Fig. 1. Validation of a common “backdoor” problem for NIR probes.

a Construction of typical NIR dyes based on the TICT mechanism, including (I) Cyanine dyes, (II) Nile blue dyes, and (III) DCM dyes, with their electron acceptor (“A”) and donor (“D”) groups illustrated. b Albumin can bind to, and restrict the twisting of, the A end of these TICT dyes, which c produces unspecific and interfering fluorescent signals that mask the specific and expected signals from the analyte. Because of the abundance of albumin in the living system, this issue represents a common, but largely overlooked, “backdoor” problem for the in vivo application of such probes. d The chemical structures of representative TICT-based NIR dyes and fold changes (from white to red) of these dyes in response to HSA, BSA, MSA, heparin, PVA, and glycerol in PBS (pH 7.4, 10 mM).
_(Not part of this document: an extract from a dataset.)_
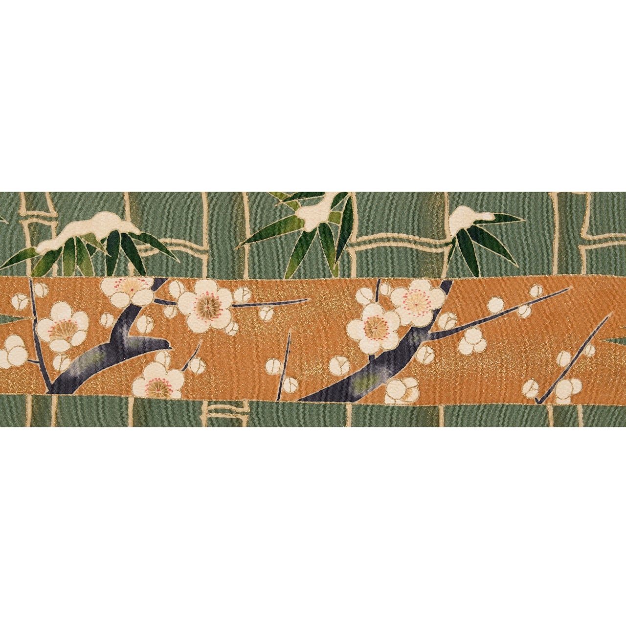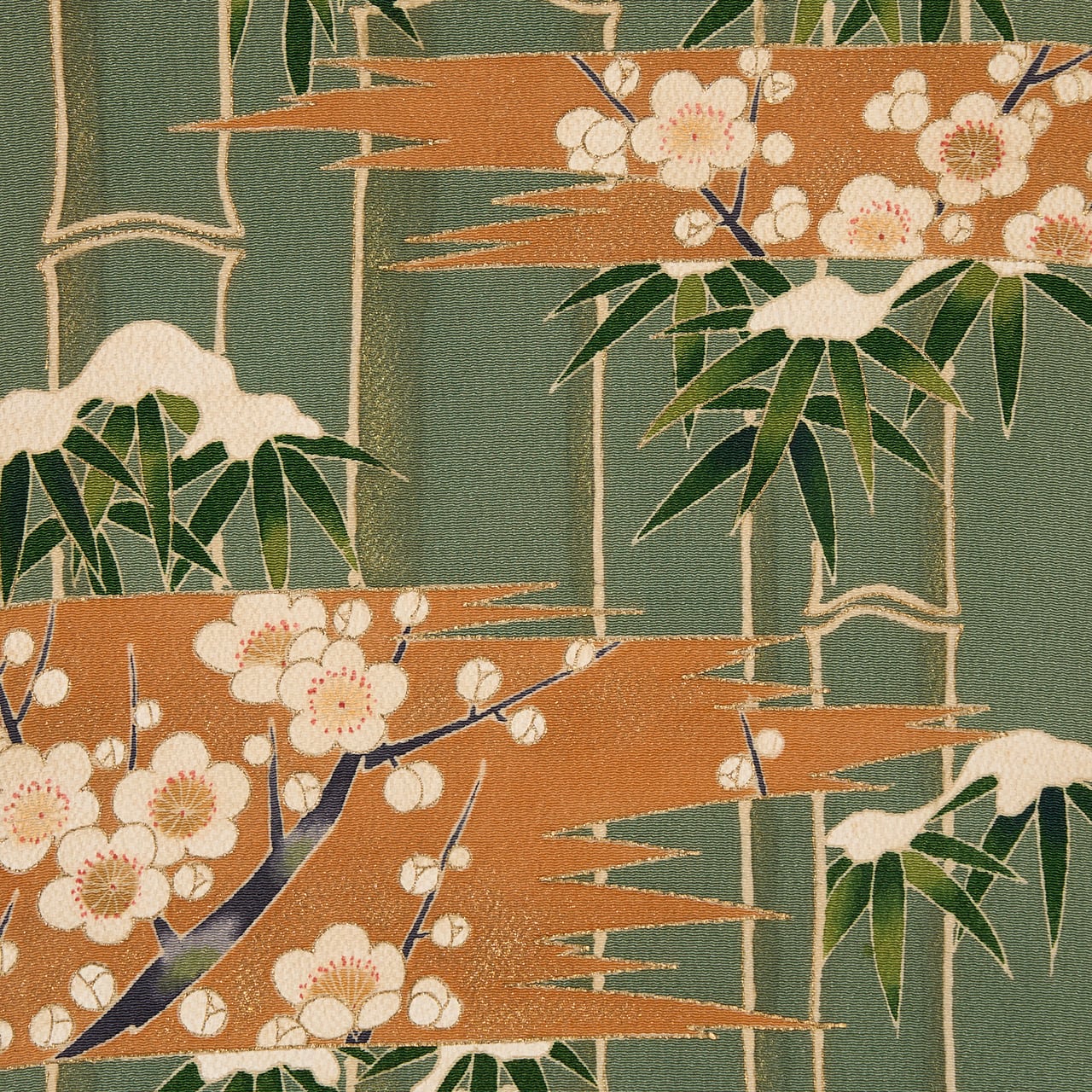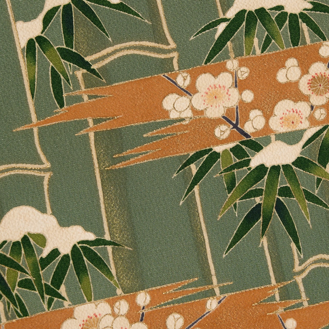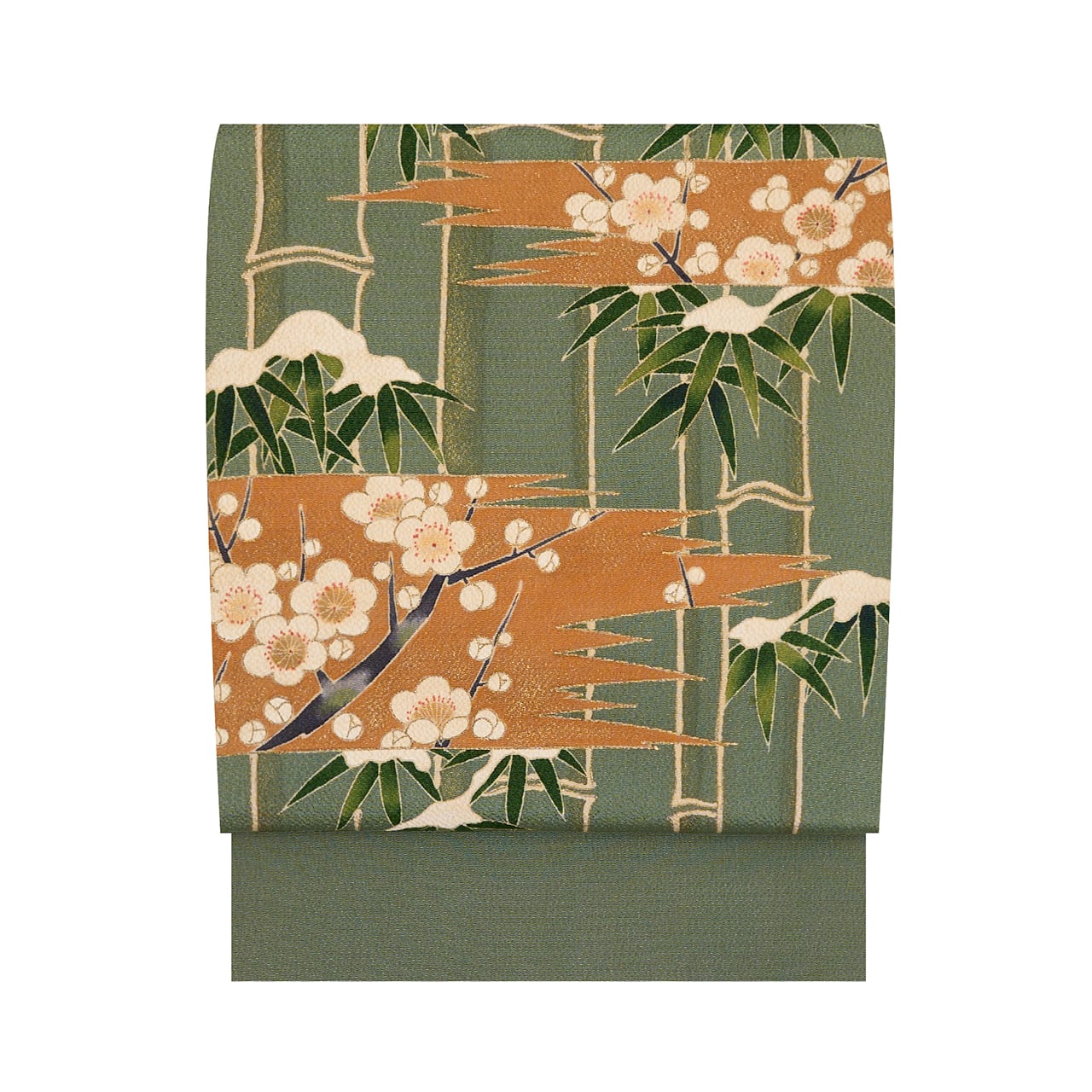 シボのあるしっかりとしたちりめんの生地が、少しだけ青味のある緑・青鈍色に染められ、お太鼓には何本かの太い幹の竹が亜麻色の輪郭で描かれ、葉には白い雪が積もっていて、それを背景にして冷たい空気を打ち破るような代赭色の霞が取られ、その中には白くふっくらとした花びらの綺麗な梅のお花が咲いているといった、早い春を思わせるような情景が手描きの友禅で描かれた、とても素晴らしい九寸名古屋帯です。

The fluorescence enhancement for a dye is determined by the ratio of its fluorescent intensity in a different condition to that in PBS. Con. indicates the concentration of the analytes. e The relative viscosity of HSA (black), BSA (red), MSA (blue), heparin (dark cyan), PVA (magenta), and glycerol (dark yellow) in different concentrations in PBS (pH 7.4, 10 mM). Data are represented as mean values ± SD (n = 3 independent experiments). f ¹H NMR titration of different equivalent albumin (0.1−0.8 equiv.) to Cy5S in D₂O (from 6.0 to 9.5 ppm). Red frames highlight the proton signals on the A group. The concentrations of HSA, BSA, MSA, heparin, and PVA used: 1, 10 µM; 2, 50 µM; 3, 100 µM; 4, 300 µM; 5, 600 µM. The content of glycerol used: 1, 10%; 2, 20%; 3, 30%; 4, 40%; 5, 50%. Source data for Fig. 1d, e are provided as a Source Data file.